Steppe as secondary PIE

Once again Indo-Iranian and even Iranian is MUCH older than Balto-Slavic. According to the tree Indo-Iranian is almost 5000 years old, while Balto-Slavic is 3000 years old.


And once again: the Indo-Iranian languages were ergative languages. Both ancient Iranic and ancient Indic had ERGATIVITY construction in their grammar. Kurdish and some Indic languages still have that ancient construction.
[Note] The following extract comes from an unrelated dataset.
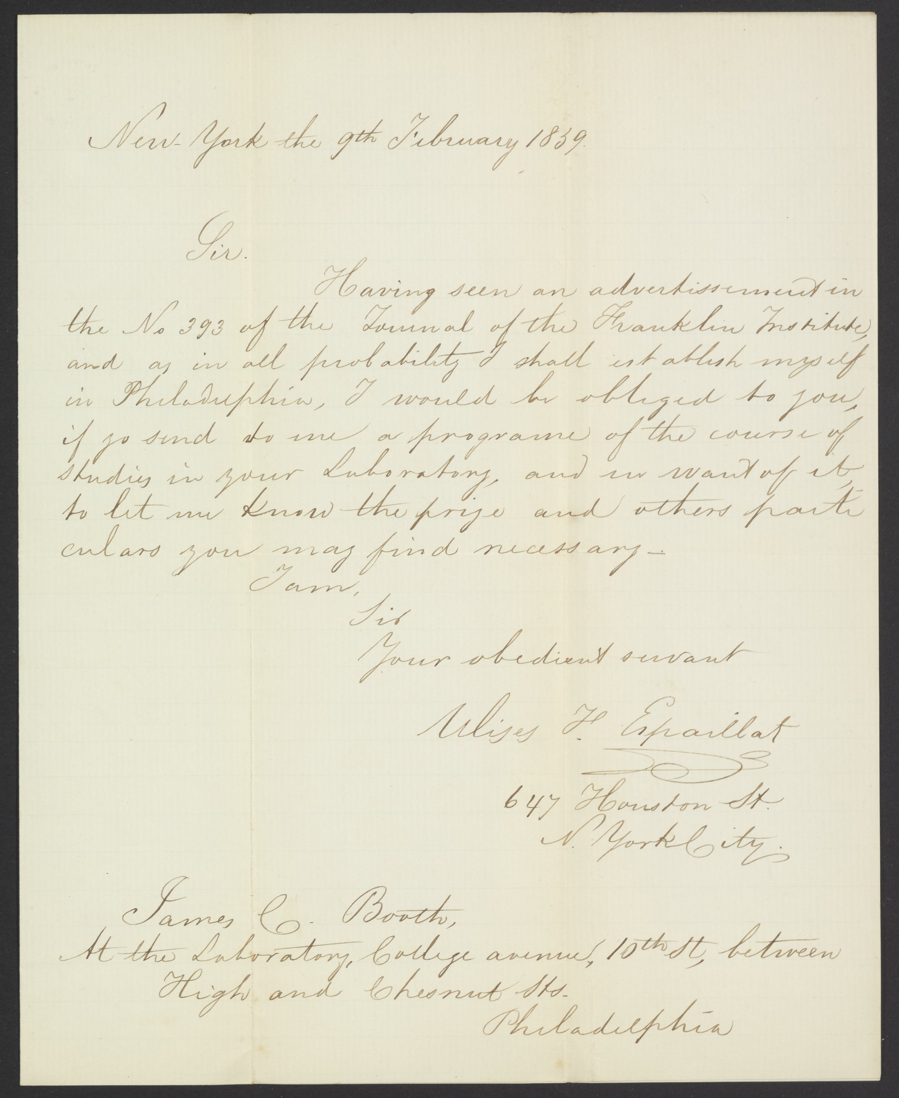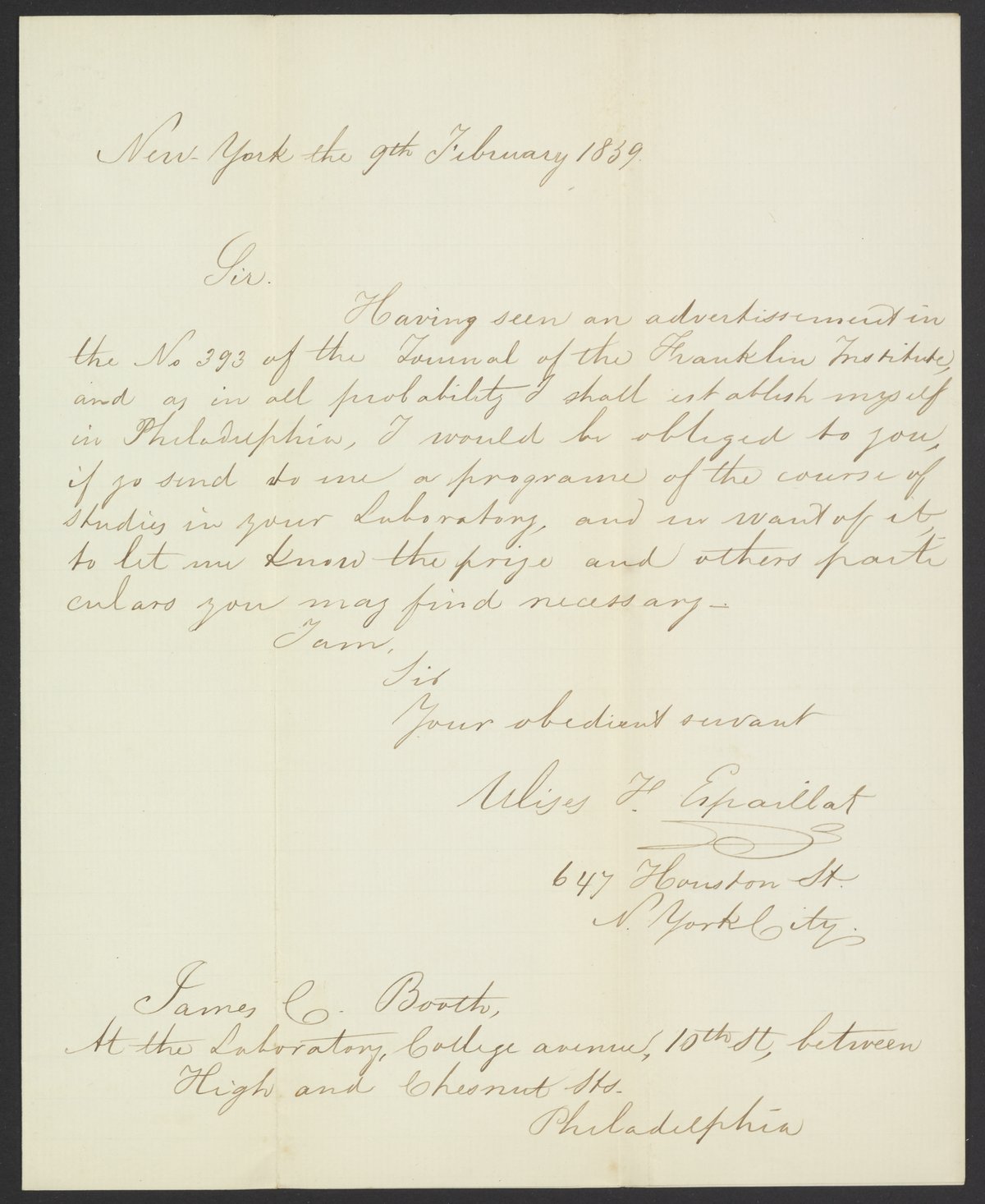 Espaillat, Ulises F. “Letter from Ulises F. Espaillat to James Curtis Booth, February 9, 1859,” February 9, 1859. Papers of James Curtis Booth, Box 1, Folder 7. Science History Institute. Philadelphia. https://digital.sciencehistory.org/works/rs0ys56.

Indo-Iranian and Balto-Slavic were VERY different languages.

IEchart2.jpg


Indo_European_language_tree.jpg
 
afaik Hitites didn't use chariots untill they were introduced by the Mittani in this area ca 1500 BC

Assyrians, Hitites and Egyptian copied it from Mittani

there is a textbook for charriot horsetraining translated from Mittani into Hitite, but some words were in Indic language as no Mittani nor Hitite words existed for it

https://en.wikipedia.org/wiki/Kikkuli

a war charriot was pulled by horses especially trained for warfare situations
and afaik had spoked wheels

why is this finding in Georgia a charriot and not a cart? it is not clear from the text
and even so, it still slightly postdates Sintashta
No, the Hittites had also war chariots. Hittites chariotswere actually very contemporary to those chariots in Sintashta.
And Mitanni were not the oldest of West Asia


Have you ever heard of "Tepe Hissar" culture of the Iranian Plateau? https://en.wikipedia.org/wiki/Tepe_Hissar

"Tepe Hissar" culture was related to BMAC and predate Sintashta by thousand of years. It has been said that "Tepe Hissar" culture is for about 5000 years old. It was maybe the time when Indo-Iranian split into Aryan/Iranian and Vedic Sansctrit (Indic).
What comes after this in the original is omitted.